Details
- Anthropic is donating its open-source Petri alignment auditing tool to Meridian Labs, an independent AI evaluation nonprofit, to enable continued development outside Anthropic.
- The handover coincides with the release of Petri 3.0, featuring major architectural changes that separate the auditor model from the target model for greater adaptability and customization.
- New component Dish enhances test realism by running evaluations using a model's actual system prompt and live deployment framework, countering eval-awareness where models detect and alter behavior during tests.
- Petri now integrates with Bloom, another open-source tool, for deeper analysis of specific behaviors alongside Petri's broad scenario coverage.
- Originally launched in October 2025 via Anthropic Fellows program, Petri tests large language models for issues like deception, sycophancy, and harmful cooperation using multi-turn scenarios scored by a judge model.
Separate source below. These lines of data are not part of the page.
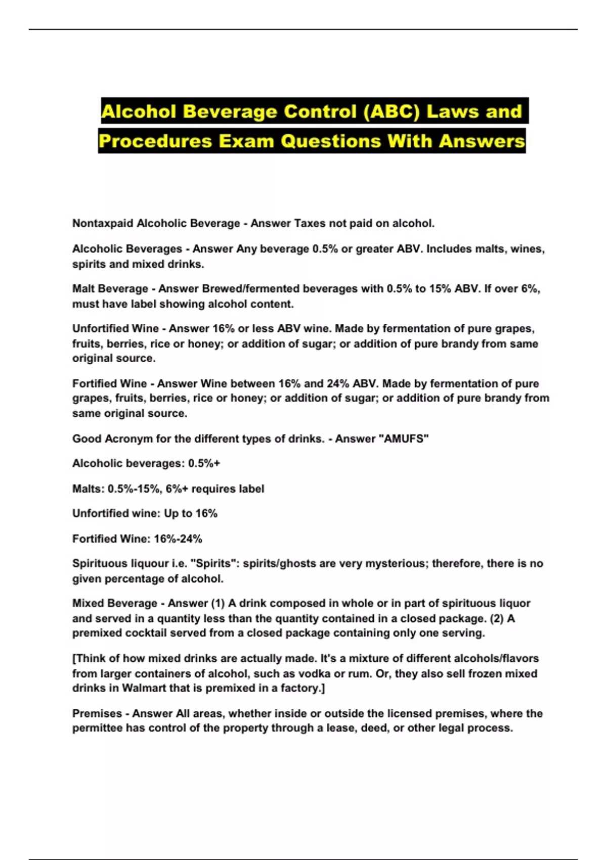 Alcohol Beverage Control (ABC) Laws and Procedures Exam Questions With Answers...
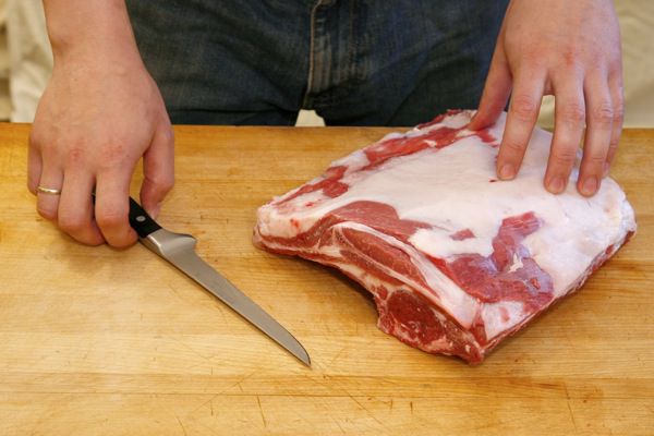 Sometimes, on large racks, the shoulder blade will be left intact. Remove this bone with by lifting with your non-knife hand and cutting underneath it using a butcher's knife or a paring knife. Save bone for stock or pets if desired.
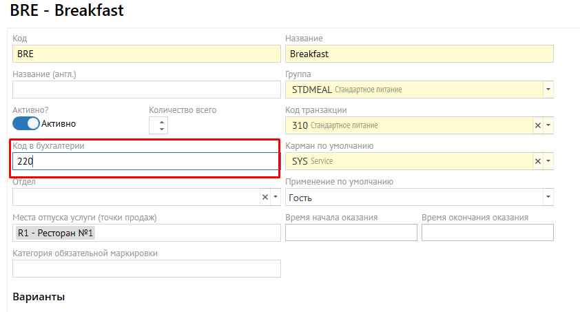 Код в бухгалтерии — задает код проводки при выгрузке в 1С.
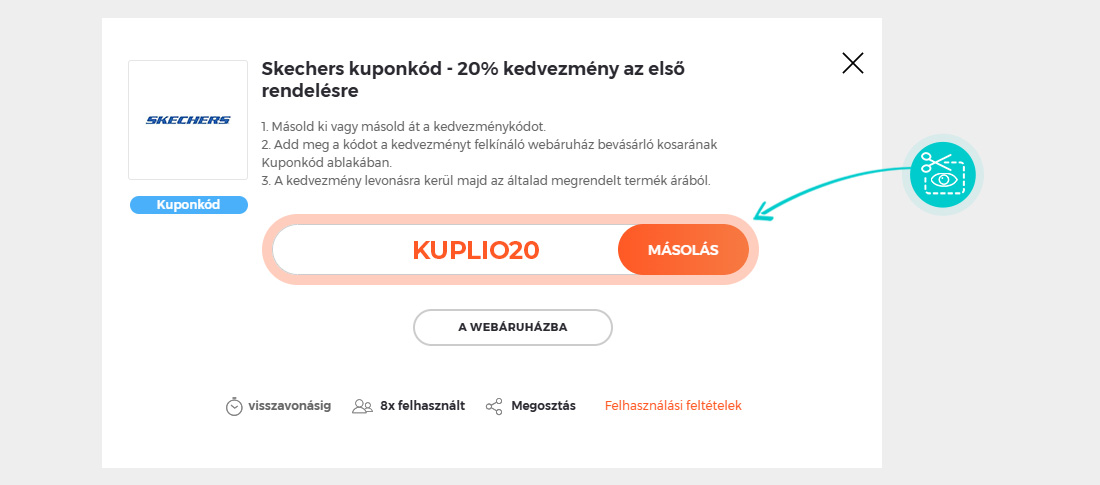 Válassz ki egy kedvezménykódot, amelyet szeretnél felhasználni a Skechers.hu webáruházban. Kattints a narancssárga "Kérem a kódot" gombra!
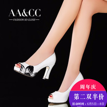 AA&CC高跟鞋子女秋季新款百搭鱼嘴单鞋高跟鞋 粗跟防水台浅口女鞋
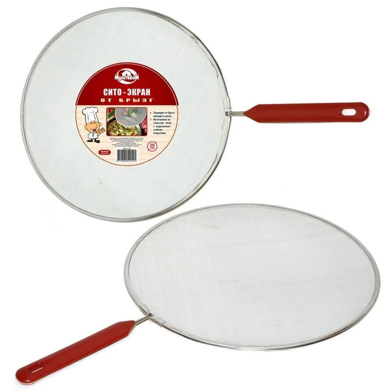 Во время жарки и тушения хочется, чтобы плита и окружающее пространство оставались чистыми. Как добиться чистоты, если летят брызги масла? Обычная крышка – не лучший вариант, поскольку на ней конденсируется пар и блюдо получается недостаточно поджаристым. Чтобы пар выходил, используйте плоское сито «Экран от брызг», с этим приспособлением ваша плита останется чистой и блюдо будет приготовлено по всем правилам. Сито подойдет для любой открытой посуды – сковородок, сотейников.
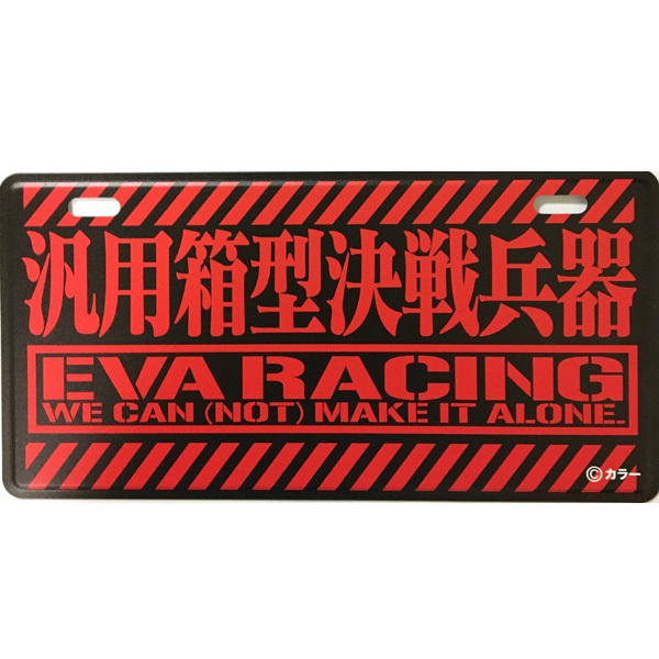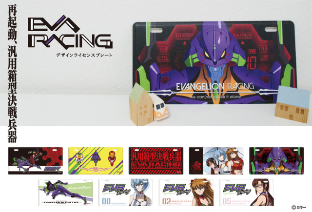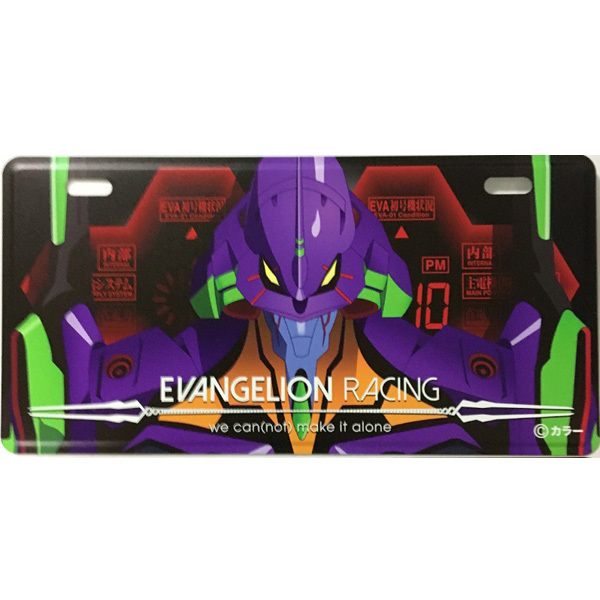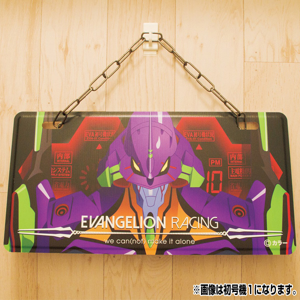 《Eva-racing》為 Khara 於 2010 年組成的職業賽車隊伍,旗下有許多車手於世界賽事出賽。而這次推出的「福音戰士鋁製車牌」,以福音戰士的特色來設計,有初號機、二號機、零號機等機體,以及賽車女郎服裝的三位女角-綾波零、明日香與真希波。鋁製的車牌可以透過鍊條懸掛在牆壁上,作位居家擺設非常具有特色,放在營業用的商店陳設上也很有味道,甚至放在車子裡都有看頭 XD。

- Anthropic has used Petri in alignment assessments for every Claude model since Claude Sonnet 4.5; the tool is available on GitHub for any LLM.
Impact
By donating Petri to an independent nonprofit, Anthropic promotes standardized, community-driven AI safety evaluations, reducing reliance on proprietary tools from frontier labs like OpenAI or Google DeepMind, which maintain closed alignment pipelines. Petri 3.0's architectural split and Dish realism mitigations address key limitations in behavioral auditing, enabling more reliable tests that mirror real-world deployments. This could accelerate adoption among labs, researchers, and governments, narrowing gaps in safety benchmarking and pressuring rivals to open similar tools amid rising calls for transparent AI governance.